Home manufacturer Willerby Holiday Homes, outright winners in 2008, won the TM Chairman’s Award for consistently high performance over multiple award categories – the Hull company entered seven of 12 categories. Director Colin Jeffrey has led Willerby through a total lean transformation over the last seven years, and while he was disappointed not to have won a main category, he said the 2010 process had encouraged him to seek out the benchmark and to return in 2011.

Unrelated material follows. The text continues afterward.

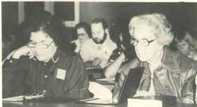
The Bible study classes using Bible and notebook were in the chapel at Ferndale.

Beyond the ceremony itself, the evening was great entertainment. Old acquaintances were renewed and the excellent band rocked the party well past midnight. Winners and runners-up alike threw themselves at the dance floor, despite the distracting influence of one couple who had clearly got caught up in the euphoria of the night, indulging in a somewhat explicit ‘bump ‘n grind’ dance routine. Aaron from Willerby Holiday Homes was apparently in training for the 2012 London Olympics, taking a flying long jump out of the conference centre doors and nearly flattening The Manufacturer’s editor. No harm done Aaron.
All good fun and on behalf of SayOne Media, sincere congratulations to all the award winners and shortlisted entries. Thank you very much too to all the sponsors for their support, and to Lord Jones. See you all next year!
The winners of The Manufacturer of the Year Awards 2010, in association with Royal Bank of Scotland, are:
Castle Precision Engineering – The Manufacturer of the Year 2010 sponsored by Royal Bank of Scotland and Best SME, sponsored by Kingston Smith.
Robert McBride – Winner, Innovation and Design award sponsored by the Technology Strategy Board, and winner, Leadership and Strategy award sponsored by EMS Sigma.
Joy Mining – Winner, World Class Manufacturing award sponsored by Applied Angle
Case New Holland UK – Highly Commended, World Class Manufacturing award.
Shepherd Neame – Winner, Supply Chain and Logistics award sponsored by Palletline
Elekta – Highly Commended, Supply Chain and Logistics award.
Constellation Europe – Winner, Sustainable Manufacturing sponsored by Siemens.
Willerby Holiday Homes – Winner, Chairman’s Award for Manufacturing Excellence.
Gripple – Winner, People and Skills award sponsored by Kronos.
DavyMarkham – Winner, Operations and Maintenance sponsored by Brammer.
Michelin Tyres UK – Winner, Manufacturing in Action award sponsored by TBM Consulting Group.
Xtrac – Winner, Advanced Manufacturing sponsored by IMCRC and Loughborough University.
Ultraframe – Winner, Financial Management award sponsored by Eversheds.
Permastore – Winner, IT in Manufacturing award sponsored by Columbus IT.
[Part of Digby Jones, Baron Jones of Birmingham’s speech about skills:]
“There are 6.5 billion people on this planet and four billion don’t get something that we take for granted every day.
In the UK we are entitled by law to 11 years of full-time, compulsory and free education. I’ll tell you how much we take it for granted, last summer half the kids that took a GCSE did not get a grade C or above in English and maths, and they are the ones that took it. Half the kids are basically functionally illiterate.
Ultimately, if we are really going to make manufacturing sing, we are going to do it off the back of value-added innovation. We’re going to do it off the back of constantly improving and putting knowledge in to what we do and then selling it at a premium price around the world. But we won’t do that if half the kids can’t get a grade C or above in English or maths and we won’t do that if one fifth of the workforce can’t read.”
[On the financial sector he said:]
“Let’s grow the economy on the back of manufacturing [but] let’s not be substituting one for another. I want financial services to succeed in this country and I want manufacturing to come up alongside it, not to take its place.”